Platform Not Supported

Error:

System.PlatformNotSupportedException: AiDotNet.Gpu is not supported on this platform

Solutions:

  1. Verify you're on a supported platform (Windows x64, Linux x64, macOS)
  2. For GPU: ensure CUDA is installed (Windows/Linux) or Metal is available (macOS)
  3. Use CPU-only version if GPU is not available

GPU Issues

CUDA Not Found

Error:

CUDA driver not found. Please install CUDA toolkit.

Solutions:

  1. Install NVIDIA driver (version 525+)
  2. Install CUDA Toolkit 12.x from NVIDIA
  3. Verify with: nvidia-smi
  4. Add CUDA to PATH:
    • Windows: C:\Program Files\NVIDIA GPU Computing Toolkit\CUDA\v12.0\bin
    • Linux: /usr/local/cuda/bin

GPU Out of Memory

Error:

CUDA out of memory.
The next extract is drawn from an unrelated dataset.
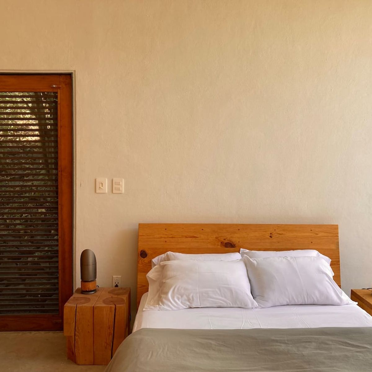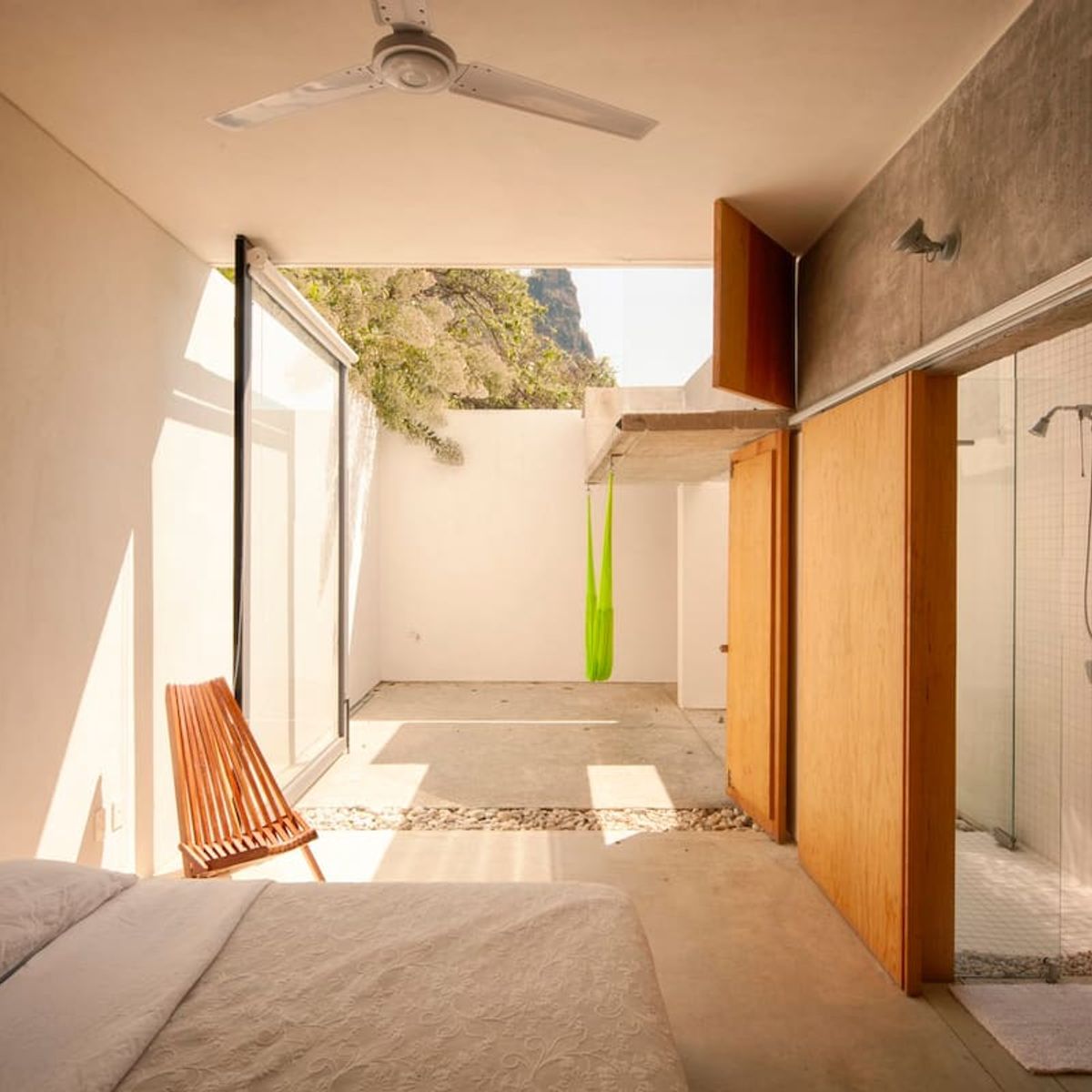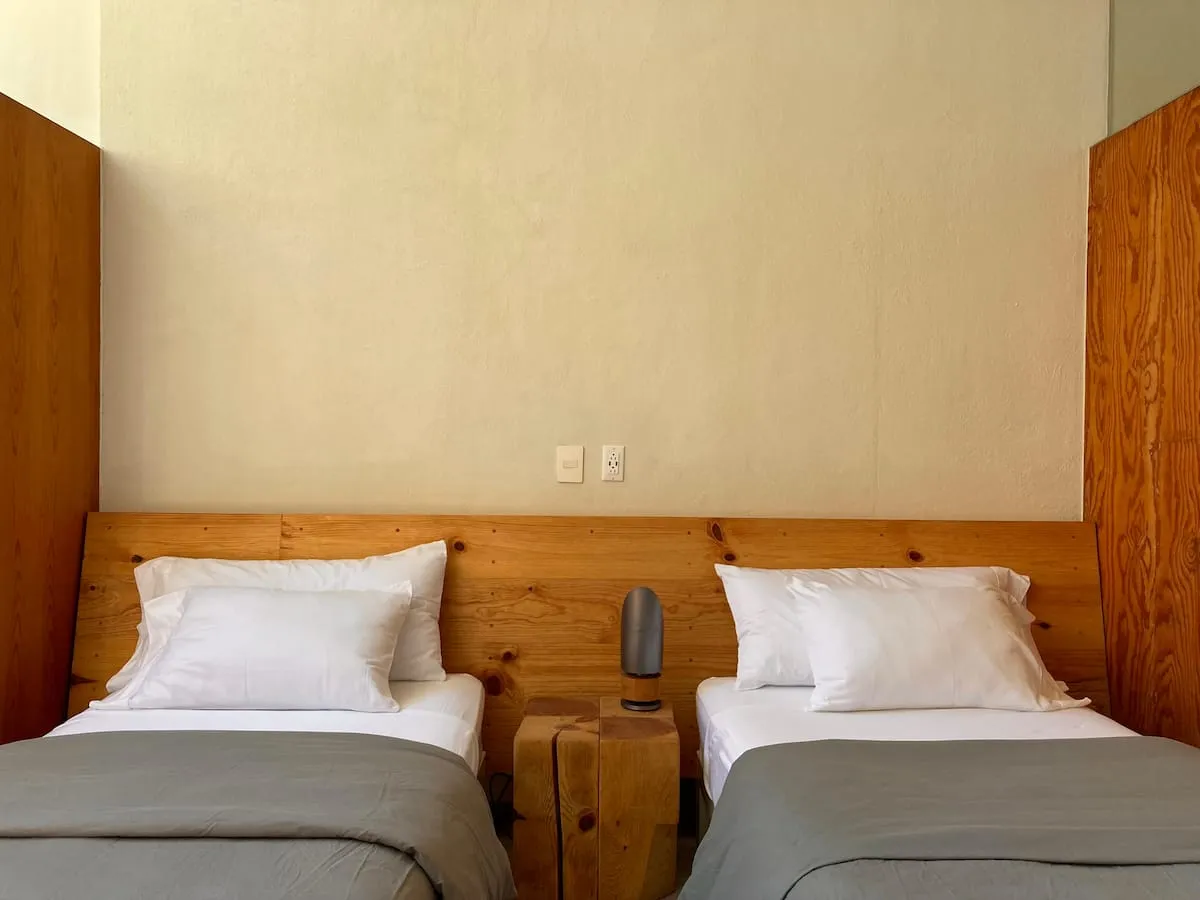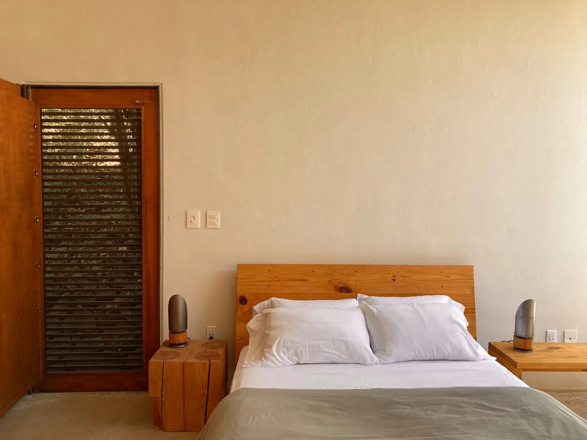 The house comfortably sleeps up to 8 guests across four double bedrooms: Two master bedrooms feature a King- and Queen-size bed, large full-body mirrors, and wooden sliding doors that separate the sleeping area from the private bathrooms; each room opens to a private furnished patio that blends with the room by simply opening the door-window. Two spacious twin rooms offer two single beds each, abundant natural light, and access to a shared central patio with hammocks, perfect for lounging or an afternoon nap.

Tried to allocate 2.00 GiB

Solutions:

  1. Reduce batch size:

    .WithBatchSize(16)  // or smaller
  2. Enable gradient checkpointing:

    .WithGradientCheckpointing(enabled: true)
  3. Use mixed precision:

    .WithMixedPrecision(enabled: true)
  4. Clear GPU cache:

    GpuMemory.ClearCache();
  5. Use smaller model variant

GPU Not Detected

Error:

No CUDA-capable device detected

Solutions:

  1. Verify GPU is installed: nvidia-smi
  2. Reinstall NVIDIA drivers
  3. Check CUDA compatibility with your GPU
  4. Try rebooting

Training Issues

Model Not Learning (Loss Not Decreasing)

Possible Causes and Solutions:

  1. Learning rate too high

    .WithOptimizer(OptimizerType.Adam, learningRate: 1e-4)  // Try smaller
  2. Learning rate too low

    .WithOptimizer(OptimizerType.Adam, learningRate: 1e-2)  // Try larger
  3. Data not normalized

    .ConfigurePreprocessing(p => p.Normalize())
  4. Wrong loss function

    • Classification: CrossEntropy
    • Binary: BinaryCrossEntropy
    • Regression: MSE or MAE
  5. Network too simple

    • Add more layers
    • Increase hidden units

NaN Loss

Error:

Loss is NaN

Solutions:

  1. Reduce learning rate significantly
  2. Add gradient clipping:
    .WithGradientClipping(maxNorm: 1.0)
  3. Check for NaN in input data:
    if (data.Any(x => float.IsNaN(x))) throw new Exception("NaN in data");
  4. Use numerically stable operations
  5. Initialize weights properly

Overfitting

Symptoms:

  • Training accuracy high, validation accuracy low
  • Training loss low, validation loss high

Solutions:

  1. Add regularization:

    nn.AddDropout(0.5)
    nn.AddBatchNormalization()
  2. Use weight decay:

    .WithOptimizer(OptimizerType.AdamW, weightDecay: 0.01)
  3. Early stopping:

    .WithEarlyStopping(patience: 10)
  4. Data augmentation:

    .WithDataAugmentation(aug => aug
        .RandomHorizontalFlip()
        .RandomRotation(15))
  5. Get more training data

Underfitting

Symptoms:

  • Both training and validation accuracy are low
  • Model performs poorly on all data

Solutions:

  1. Use a more complex model
  2. Train for more epochs
  3. Reduce regularization
  4. Feature engineering
  5. Check data quality

Class Imbalance

Symptoms:

  • Model always predicts majority class
  • High accuracy but low recall on minority class

Solutions:

  1. Class weighting:

    .ConfigureDataHandling(d => d.ClassWeights(ClassWeights.Balanced))
  2. Oversampling:

    .ConfigureDataHandling(d => d.Resample(ResamplingMethod.SMOTE))
  3. Use appropriate metrics (F1, AUC instead of accuracy)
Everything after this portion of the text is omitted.